Но один в поле все-таки не воин, и потому все наши путники были рады, догнав караван, шедший в Хиву. И чем дальше уходил караван от морского берега, тем становился более и более, увеличиваемый разным людом, съезжавшимся с окрестных кочевок. На третий день, когда он вступал в совершенно безлюдную степь, в нем было уже до двухсот верблюдов и до сорока вооруженных людей. Все это отправлялось в Хиву за покупкой хлеба.

Для наших путников это сообщество было и хорошо и дурно; удобнее было защищаться в случае открытого нападения, но зато надо было беречься и своих случайных спутников. “Как бы то ни было,– говорит Муравьев,– а я всегда брал предосторожность и во все шестнадцать дней и ночей нашей поездки не снимал оружия”.

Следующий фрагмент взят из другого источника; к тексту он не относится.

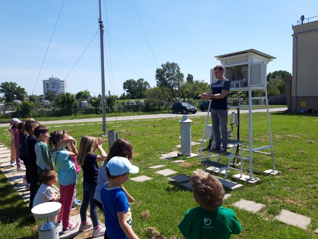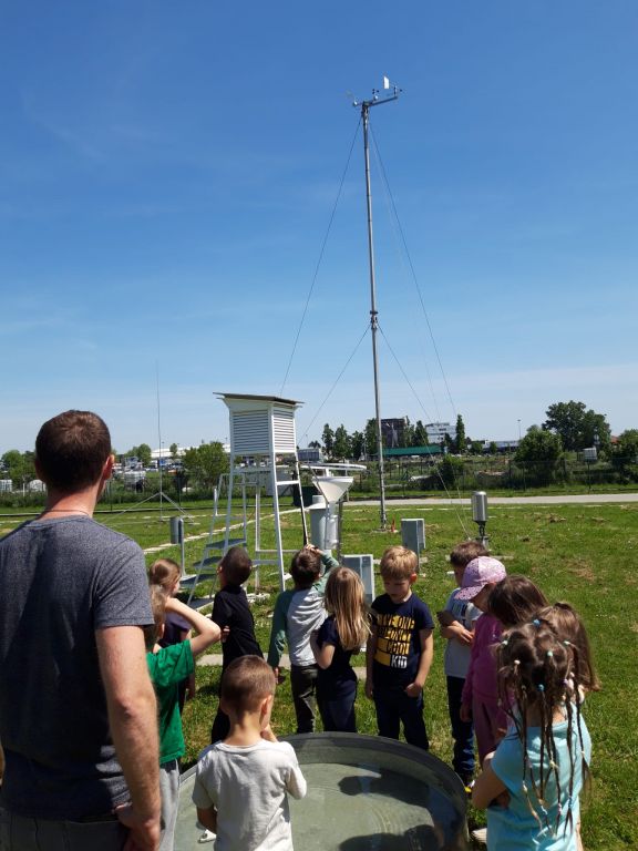29.4.2024 djeca iz skupine Cvjetići su zajedno s odgojiteljima posjetili meteorološku postaju Maksimir – Zagreb. Krenuli smo busom poslije ručka, te smo stigli u 12.00 sati. Tamo nas je toplo dočekao stručni tim meteorologa koji su nam nakon kratke okrijepe, pokazali i objasnili kako se nazivaju i kako rade razne naprave kojima mjerimo vremenske promjene. Meteorolog nam je objasnio što je to termometar, što radi termometar koji mjeri maksimalnu temperaturu, a koji mjeri minimalnu temperaturu. Naučili smo da se termometar puni živom ili sa alkoholom. Vidjeli smo što je sprava za mjerenje isparavanja i naučili smo da se ta sprava zove evaporimetar, djeci je bilo zanimljivo da je to bazen s vodom koji se polako smanjuje jer voda nestaje kad isparava. Vidjeli smo vjetrulju , što je djeci poznato iz crtića „ono što se okreće na kući kad puše vjetar“. Vidjeli smo još i pluviograf koji služi za bilježenje količine vode nakon oborina.

Зная подозрительность всех вообще азиатов к людям, что-либо срисовывающим или записывающим, Муравьев был очень затруднен в ведении своего дневника, основательно опасаясь прослыть за шпиона. Поэтому он записывал все виденное только по ночам, когда все засыпали, и притом разными знаками, для того, чтобы никто не мог разобрать их, если бы эти записки, паче чаяния, попали в руки хана. Стараясь как можно меньше обращать на себя внимание, Муравьев оделся в туркменское платье и назвался Мурад-беем. Это представляло своего рода выгоду; хотя в караване все знали, кто он, но при встрече с чужими он не возбуждал уже опасного любопытства и избавлялся от вопросов, иногда весьма щекотливого свойства. Только однажды при встрече с большим караваном сопровождавшие его туркмены заподозрили наших путешественников и стали добиваться, что это за люди. Начальник каравана ответил: “Это пленные русские; нынче пришли их суда к берегу, мы поймали троих и везем в Хиву на продажу”.– “Везите, везите неверных собак,– ответили туркмены,– мы сами только что продали русских и взяли хорошие деньги. Нынче этот товар в цене”. Второго октября путники достигли пределов Хивы. Но именно в эту ночь случилось большое лунное затмение, встревожившее весь караван, так как, по понятиям туркмен, оно предзнаменовало ему дурной прием в Хиве. “Со стесненным сердцем,– говорит Муравьев,– переехали мы границу. Картина природы резко изменилась – повсюду возделанные поля, сады и арыки”.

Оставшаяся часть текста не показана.